Why? Well, we have a government agency — the Environmental Protection Agency — that is run by someone who doesn’t seem to place as much value on the protection part of his agency’s mission as many millions of us would prefer.
EPA Administrator Scott Pruitt seems hell bent on wiping environmental protection regulations off the books. He has the support of the president who nominated him to this job. Frankly, Pruitt’s management so far of the EPA has been nothing short of shameful.
But I prefer instead to look beyond the bumbling bureaucrat who runs the EPA.
Each of us has a role to play in caring for the Good Earth. Therefore, I won’t waste time criticizing the government — beyond what I’ve just stated in this blog post.
Our planet’s climate is changing. Coastal lowland is at risk of being inundated. We keep cutting down millions of acres of trees to make room for more cement and steel, which depletes the atmosphere of oxygen that living creatures consume to survive. We’re burning more fossil fuels, putting even more pressure on our fragile atmosphere.
Yes, there are alternatives to pursue. How do we look for them as individuals or families? We can drive fuel-efficient motor vehicles. We can perhaps invest more in alternative forms of energy. It’s windy out there and last I heard, the wind is as clean and infinite an energy supply as I can imagine.
Then there’s water. If you thought oil and natural gas were the lifeblood of a community, try building a town or a city without water. Those who live on the High Plains of Texas, Oklahoma and New Mexico know the value of water. That aquifer that flows under us is receding. What are we going to do about it?
Protecting Mother Earth isn’t just a one-day-per-year event. It ought to be at the top of our minds every day.

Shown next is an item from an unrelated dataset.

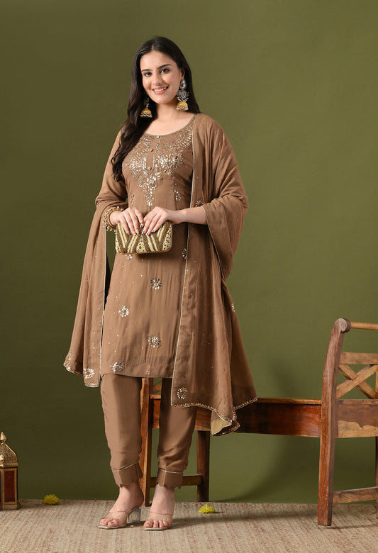 Mehndi Brown Georgette & Crepe Mukaish Kurta Set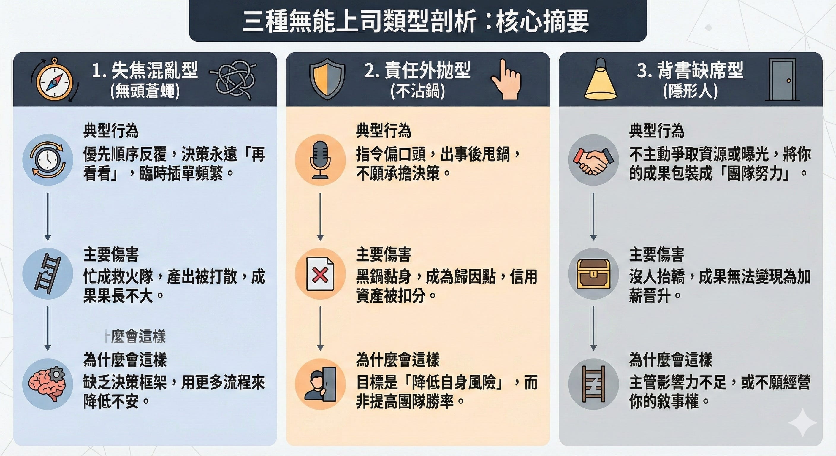 為什麼會這樣: 他缺乏擔當。當沒有留痕與責任邊界,你做得再好,都抵不過一次被甩鍋的傷害。

Check this out from the Amarillo Globe-News: “Where I work we have a program called Stewardship 365, and it’s an oil and gas company” said Amarillo Environmental Task Force member Cole Camp as he conducted a recent tour of one of the City’s recycling venues at 27th and Hayes. “So we’re working to make sure people take that mindset of being cognizant of the environment home with them. It’s not just at work. It doesn’t have to be difficult. I find it really easy to do these things. It’s just as easy for me to put my cans in my recycling bin in my garage, as it is to throw it away in the trash can. It’s just a couple of more feet. So, with a little effort, we can make a lot of progress. By using the recycling facilities here in the City and keeping the waste from going to landfill, the landfill doesn’t expand nearly as fast and the City doesn’t have to pay for methane systems. By recycling we’re reducing waste and saving money.”
Excellent advice. Happy Earth Day … today and always!